▶ _Task statement_
Repeat exactly the lines that begin at the one containing "Durch die halblangen" and end at the final line of the records; include no pictures and nothing else.

Records from a data collection
· · · · ·

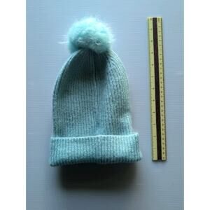This is a New Without Tags (NWOT) mint green ribbed knit beanie, featuring a soft, coordinating pom-pom on top. The hat is new, never worn, and in flawless condition—it is missing the original paper retail tags only.
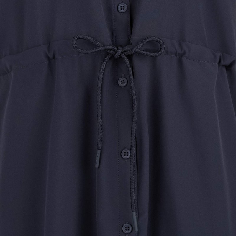 Durch die halblangen Ärmel und den umgeschlagenen Kragen eignet sich das leichte Kleid auch für sommerliche Bürotage. Der weite Schnitt lässt sich dank des Kordelzugs in der Taille femininer gestallten. Abgerundet wird das Ganze von einer durchgehenden Knopfleiste und kurzen, seitlichen Bewegungsschlitzen.
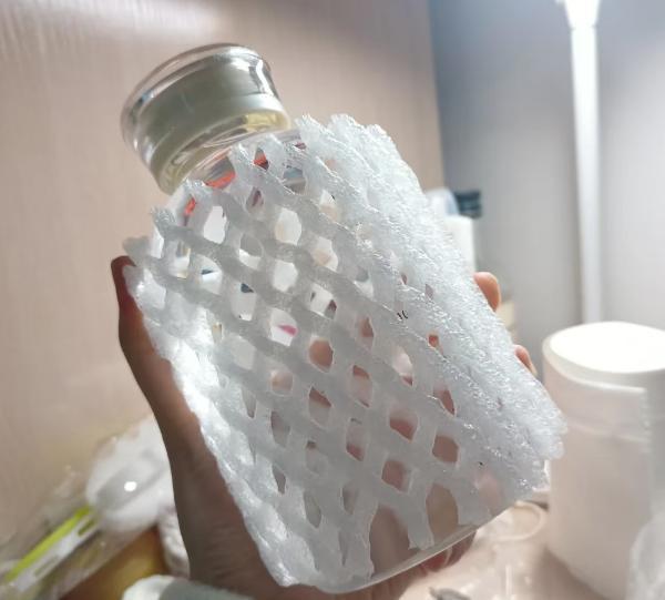 這玩意因爲是無數個獨立的閉孔氣泡組成的,所以很輕、韌性好,還有彈性!運輸水果的時候,難免會碰撞,這網套恰好可以“減震”~
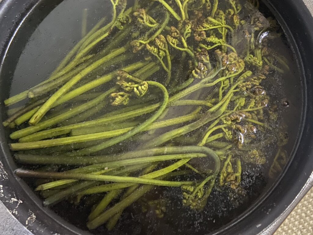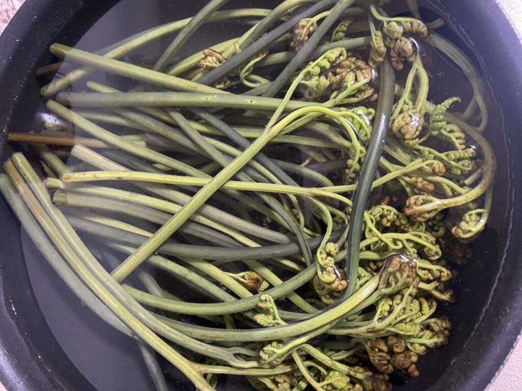 ワラビは熱湯に溶かした重曹液をかけて一晩おき、翌日水にさらします。
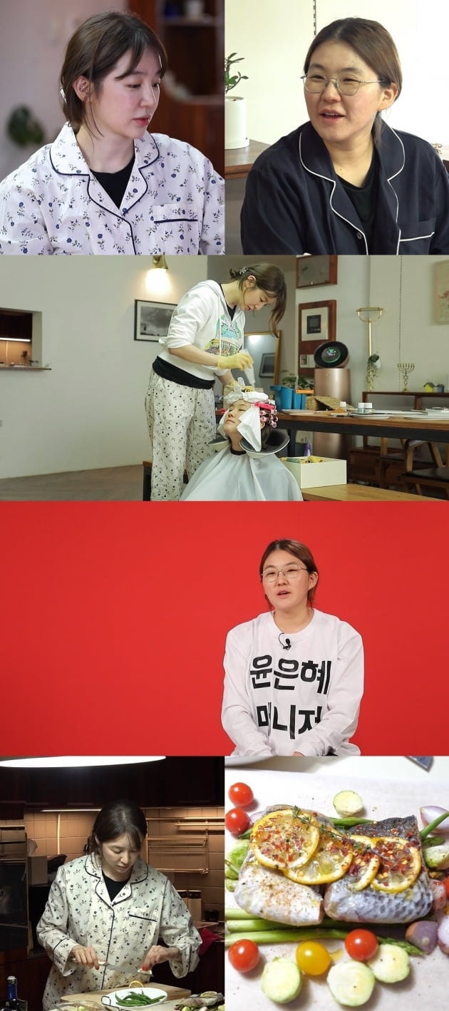 연예계 금손으로도 유명한 윤은혜는 생선구이, 스테이크, 샌드위치를 능수능란하게 뚝딱 만들더니, 급기야 매니저에게 직접 파마를 해주며 황금손 끝판왕 면모를 드러내기도 했습니다.

· · · · ·

▶ _Result_
 Durch die halblangen Ärmel und den umgeschlagenen Kragen eignet sich das leichte Kleid auch für sommerliche Bürotage. Der weite Schnitt lässt sich dank des Kordelzugs in der Taille femininer gestallten. Abgerundet wird das Ganze von einer durchgehenden Knopfleiste und kurzen, seitlichen Bewegungsschlitzen.
 這玩意因爲是無數個獨立的閉孔氣泡組成的,所以很輕、韌性好,還有彈性!運輸水果的時候,難免會碰撞,這網套恰好可以“減震”~
 ワラビは熱湯に溶かした重曹液をかけて一晩おき、翌日水にさらします。
 연예계 금손으로도 유명한 윤은혜는 생선구이, 스테이크, 샌드위치를 능수능란하게 뚝딱 만들더니, 급기야 매니저에게 직접 파마를 해주며 황금손 끝판왕 면모를 드러내기도 했습니다.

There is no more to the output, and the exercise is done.